In the US, retail health clinics are now a permanent part of the health care landscape with the potential to become a much more powerful enabler of a “culture of health,” according to a recent report by Manatt Health, the health care division of Manatt, Phelps & Phillips.
This perspective will be of interest to Australian pharmacists who are just beginning to “test the water” in respect of clinical services and clinic development.
It comes at a time when Australian pharmacy is being subjected to extreme financial pressure brought on by a federal government showing scant sympathy for pharmacy as a small business, as negotiations for the 6CPA get under way.
Government funding is likely to be restricted for Australian pharmacy clinics, so much of the pioneering and establishment costs will need to be met privately.
The US report, titled “Building a Culture of Health: The Value Proposition of Retail Clinics,” examines the potential value proposition of retail clinics. It was guided by an advisory committee, and informed by published research and interviews with 20 retail clinic experts and stakeholders and thus is a useful guide for Australian pharmacists.
According to the paper, prepared for the Robert Wood Johnson Foundation, the number of retail clinic sites increased almost 900% between 2006 and 2014, from 200 to 1,800, and the number of visits increased seven-fold from approximately 1.5 million to 10.5 million in 2012, representing upwards of 2% of primary care encounters in the United States. Australian pharmacy has had a long involvement in the primary health care space and over the last decade has lost ground to other health care practitioners.
Thus, the upbeat nature of this report provides a glimmer of hope in a landscape where PBS income is rapidly evaporating coupled with a retail market that is intensely competitive and too costly to compete against.
Health clinics delivering primary health care appear to be the promising “hook” for Australian pharmacists to invest their skill and capital in.
“Demand for convenient access to care for low-acuity, time-sensitive conditions or routine preventive services has been fueling clinic growth. The vast majority of clinic users reported that the primary purpose of their most recent clinic visit was the diagnosis and treatment of a new illness or symptom, followed by vaccinations and prescription renewals,” the report stated.

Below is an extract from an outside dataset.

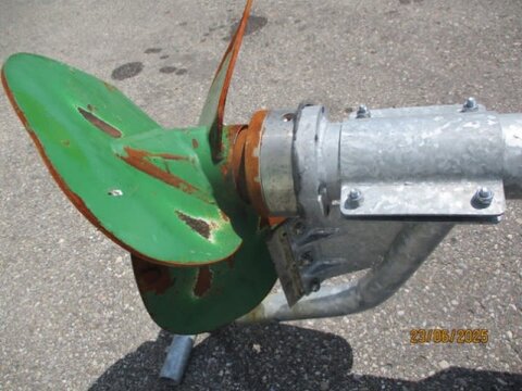 Güllerührwerk zum Einschwenken für geschlossene Behälter mit hydraulischer Tiefenverstellung, 6 m Länge, Flügel Ø 600,Querschneidmesser, Gelenkwelle

The report also noted that telehealth has the potential to reduce cost and improve both access to care for rural and under-served communities and support treatment of patients with acute and chronic conditions at retail clinics and beyond as live telehealth consults can be used to extend the scope of consultative, diagnosis and treatment service options.
All the above looks promising for the Australian health landscape found in regional, rural and remote Australia.
Even though US clinics have had a head-stat over Australian counterparts, researchers noted that there are several hurdles to overcome for US clinics e.g. scope-of-practice rules that constrain services in many states and a lack of government reimbursement.
Researchers noted, for example, that Medicare only covers reimbursement for telehealth in limited settings, and never in retail clinics.
These are problems that also exist in Australia, so it would seem that it will be a “hard slog” to get Australian clinics to a desirable level even though they hold the promise of providing economical and convenient solutions to Australia’s health care system.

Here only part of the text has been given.